-- Work request --
Give again, word for word, each line below starting at the one that contains "Wurkkos HD50 Headlamp" and ending at the one that contains "Ownership: | 100.0000000000% |".

-- Entries provided --
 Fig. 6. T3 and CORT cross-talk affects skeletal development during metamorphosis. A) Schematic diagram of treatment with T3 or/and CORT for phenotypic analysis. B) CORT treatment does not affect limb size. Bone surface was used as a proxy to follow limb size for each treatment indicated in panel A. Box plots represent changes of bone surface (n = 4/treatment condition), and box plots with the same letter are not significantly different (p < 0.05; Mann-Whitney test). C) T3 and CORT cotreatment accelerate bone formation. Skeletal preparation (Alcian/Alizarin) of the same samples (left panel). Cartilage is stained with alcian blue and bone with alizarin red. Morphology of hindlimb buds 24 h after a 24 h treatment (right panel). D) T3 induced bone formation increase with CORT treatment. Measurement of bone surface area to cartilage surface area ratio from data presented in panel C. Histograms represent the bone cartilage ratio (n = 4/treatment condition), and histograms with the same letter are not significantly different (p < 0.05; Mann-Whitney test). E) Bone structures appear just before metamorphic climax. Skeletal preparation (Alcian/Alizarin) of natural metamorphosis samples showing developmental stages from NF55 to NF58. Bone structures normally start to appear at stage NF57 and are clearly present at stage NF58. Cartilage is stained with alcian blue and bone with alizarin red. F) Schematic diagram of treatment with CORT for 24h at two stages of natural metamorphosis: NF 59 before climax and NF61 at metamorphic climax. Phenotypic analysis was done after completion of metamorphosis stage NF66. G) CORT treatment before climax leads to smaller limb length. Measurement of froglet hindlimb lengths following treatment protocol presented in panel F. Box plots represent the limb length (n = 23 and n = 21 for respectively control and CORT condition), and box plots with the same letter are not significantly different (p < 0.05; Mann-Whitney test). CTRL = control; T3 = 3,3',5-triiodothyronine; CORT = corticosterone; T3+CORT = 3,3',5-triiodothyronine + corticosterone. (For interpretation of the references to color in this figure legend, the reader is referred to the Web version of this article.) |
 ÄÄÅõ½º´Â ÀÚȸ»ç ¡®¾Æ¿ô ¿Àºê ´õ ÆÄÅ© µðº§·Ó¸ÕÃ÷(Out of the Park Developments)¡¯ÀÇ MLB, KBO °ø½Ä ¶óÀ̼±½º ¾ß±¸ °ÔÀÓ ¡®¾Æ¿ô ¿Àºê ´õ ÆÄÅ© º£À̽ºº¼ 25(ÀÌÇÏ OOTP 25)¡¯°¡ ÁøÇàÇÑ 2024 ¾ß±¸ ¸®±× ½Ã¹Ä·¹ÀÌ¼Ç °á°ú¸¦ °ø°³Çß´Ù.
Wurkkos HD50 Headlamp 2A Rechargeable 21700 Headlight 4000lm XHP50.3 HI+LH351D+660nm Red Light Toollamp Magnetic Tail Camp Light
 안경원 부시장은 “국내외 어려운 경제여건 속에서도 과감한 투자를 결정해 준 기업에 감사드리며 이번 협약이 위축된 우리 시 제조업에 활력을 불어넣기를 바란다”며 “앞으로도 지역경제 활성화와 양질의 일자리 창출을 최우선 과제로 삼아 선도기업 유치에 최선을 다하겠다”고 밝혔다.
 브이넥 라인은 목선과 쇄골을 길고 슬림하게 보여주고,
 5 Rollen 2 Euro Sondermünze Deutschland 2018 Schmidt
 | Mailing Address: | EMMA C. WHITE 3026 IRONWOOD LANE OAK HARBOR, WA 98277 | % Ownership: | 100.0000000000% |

---

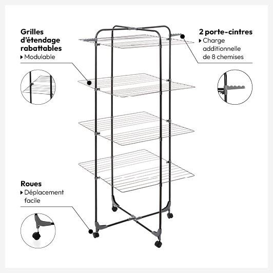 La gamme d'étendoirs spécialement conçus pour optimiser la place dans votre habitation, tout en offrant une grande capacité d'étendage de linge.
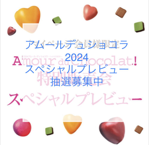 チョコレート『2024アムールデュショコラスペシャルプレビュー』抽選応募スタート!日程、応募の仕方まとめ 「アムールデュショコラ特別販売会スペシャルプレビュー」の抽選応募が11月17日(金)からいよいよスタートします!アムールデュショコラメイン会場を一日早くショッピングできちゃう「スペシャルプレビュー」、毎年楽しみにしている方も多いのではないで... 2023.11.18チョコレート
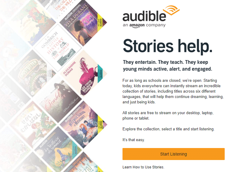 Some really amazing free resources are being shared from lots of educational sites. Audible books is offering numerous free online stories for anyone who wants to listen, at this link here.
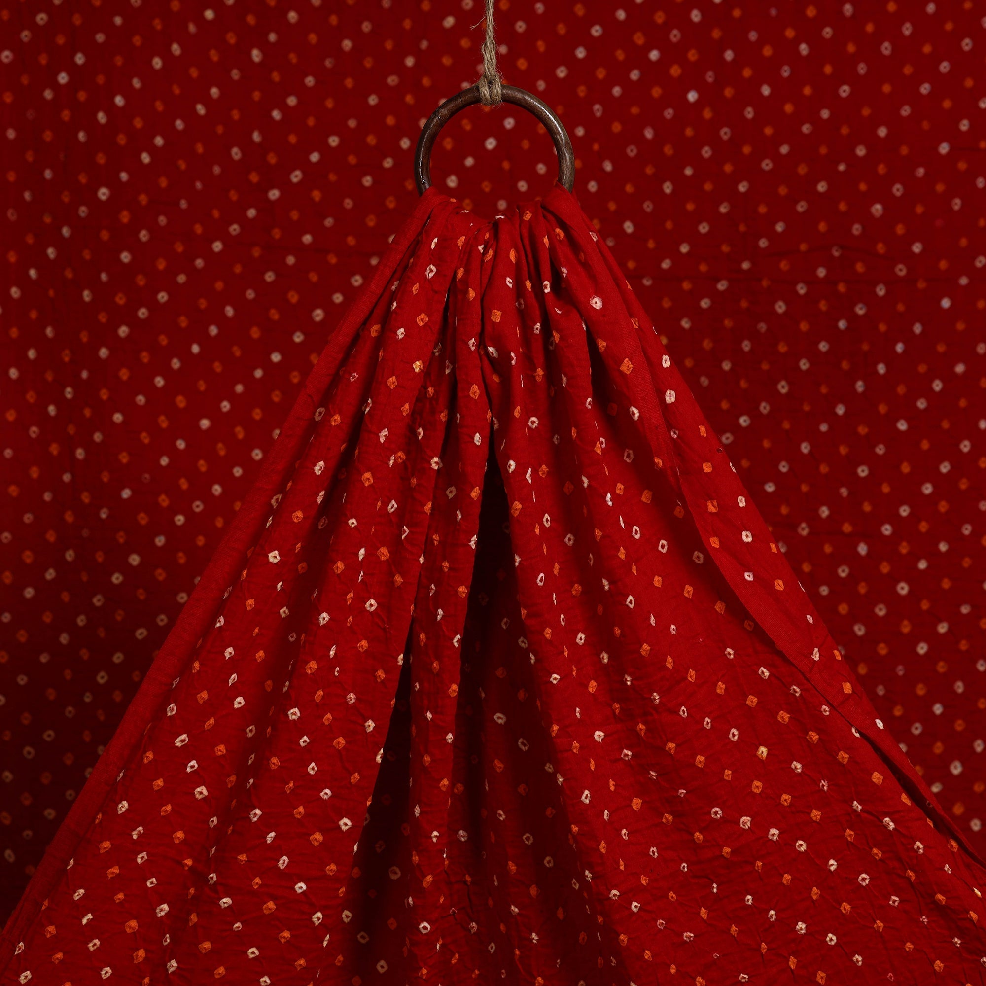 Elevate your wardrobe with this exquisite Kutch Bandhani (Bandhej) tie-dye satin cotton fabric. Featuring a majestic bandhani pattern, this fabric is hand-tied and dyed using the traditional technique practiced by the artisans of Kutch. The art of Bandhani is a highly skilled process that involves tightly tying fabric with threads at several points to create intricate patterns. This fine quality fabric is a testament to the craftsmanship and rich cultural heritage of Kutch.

-- Expected answer --
Wurkkos HD50 Headlamp 2A Rechargeable 21700 Headlight 4000lm XHP50.3 HI+LH351D+660nm Red Light Toollamp Magnetic Tail Camp Light
 안경원 부시장은 “국내외 어려운 경제여건 속에서도 과감한 투자를 결정해 준 기업에 감사드리며 이번 협약이 위축된 우리 시 제조업에 활력을 불어넣기를 바란다”며 “앞으로도 지역경제 활성화와 양질의 일자리 창출을 최우선 과제로 삼아 선도기업 유치에 최선을 다하겠다”고 밝혔다.
 브이넥 라인은 목선과 쇄골을 길고 슬림하게 보여주고,
 5 Rollen 2 Euro Sondermünze Deutschland 2018 Schmidt
 | Mailing Address: | EMMA C. WHITE 3026 IRONWOOD LANE OAK HARBOR, WA 98277 | % Ownership: | 100.0000000000% |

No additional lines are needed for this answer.